#### [What the exercise asks]
Starting with the line that has "そのため、このプラットフォー" in the records below and ending with the line that has "10 héten át minden kedden jelentkező", output those lines exactly and nothing more; omit the pictures.

#### [Data for this exercise]
################

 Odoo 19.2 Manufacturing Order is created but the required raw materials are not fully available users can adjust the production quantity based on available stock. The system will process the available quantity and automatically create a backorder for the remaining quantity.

################

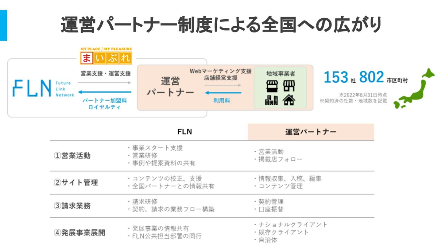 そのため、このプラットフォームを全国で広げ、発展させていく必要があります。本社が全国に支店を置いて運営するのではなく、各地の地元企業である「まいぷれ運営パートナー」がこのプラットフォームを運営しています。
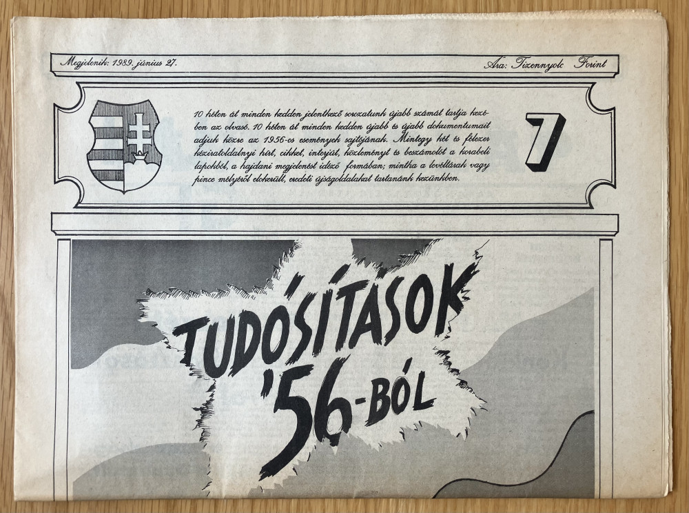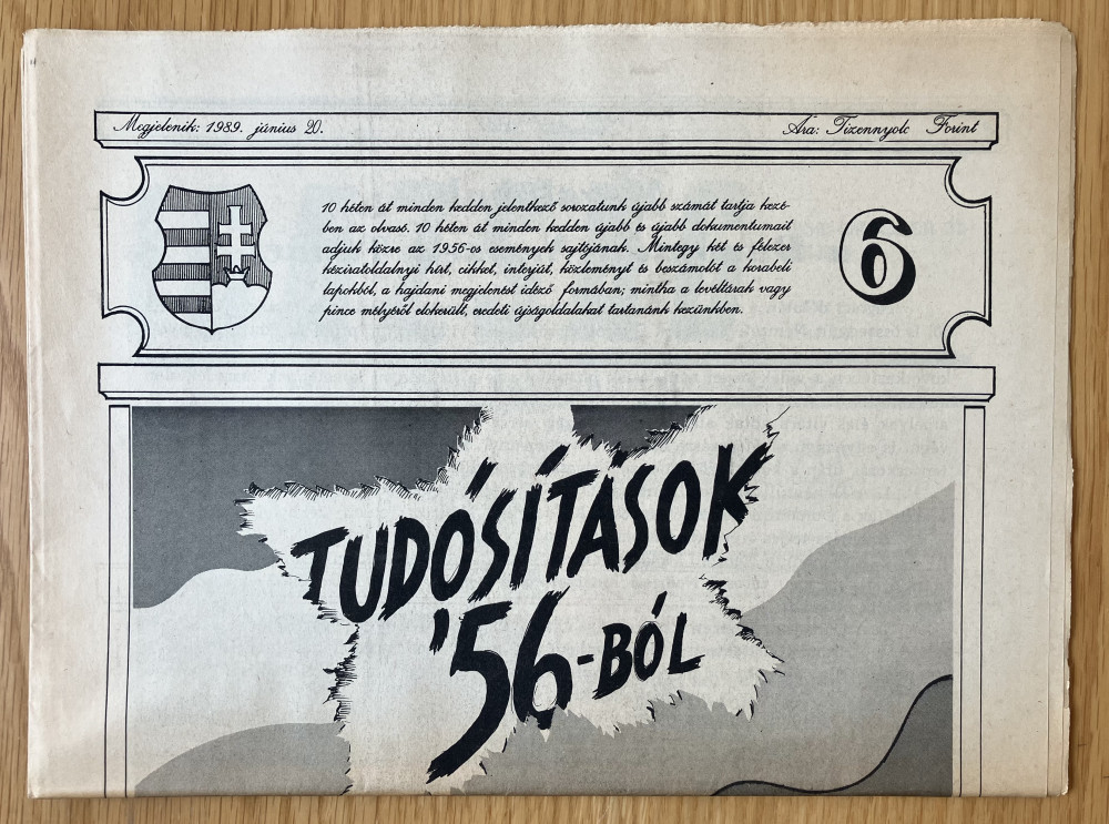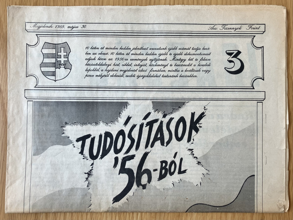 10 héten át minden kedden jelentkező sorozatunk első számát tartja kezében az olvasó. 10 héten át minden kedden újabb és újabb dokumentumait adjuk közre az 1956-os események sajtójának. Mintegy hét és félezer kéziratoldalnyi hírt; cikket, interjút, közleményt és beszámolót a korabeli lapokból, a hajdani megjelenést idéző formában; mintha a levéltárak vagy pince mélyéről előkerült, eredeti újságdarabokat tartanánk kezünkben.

################

#### [Written reply]
 そのため、このプラットフォームを全国で広げ、発展させていく必要があります。本社が全国に支店を置いて運営するのではなく、各地の地元企業である「まいぷれ運営パートナー」がこのプラットフォームを運営しています。
 10 héten át minden kedden jelentkező sorozatunk első számát tartja kezében az olvasó. 10 héten át minden kedden újabb és újabb dokumentumait adjuk közre az 1956-os események sajtójának. Mintegy hét és félezer kéziratoldalnyi hírt; cikket, interjút, közleményt és beszámolót a korabeli lapokból, a hajdani megjelenést idéző formában; mintha a levéltárak vagy pince mélyéről előkerült, eredeti újságdarabokat tartanánk kezünkben.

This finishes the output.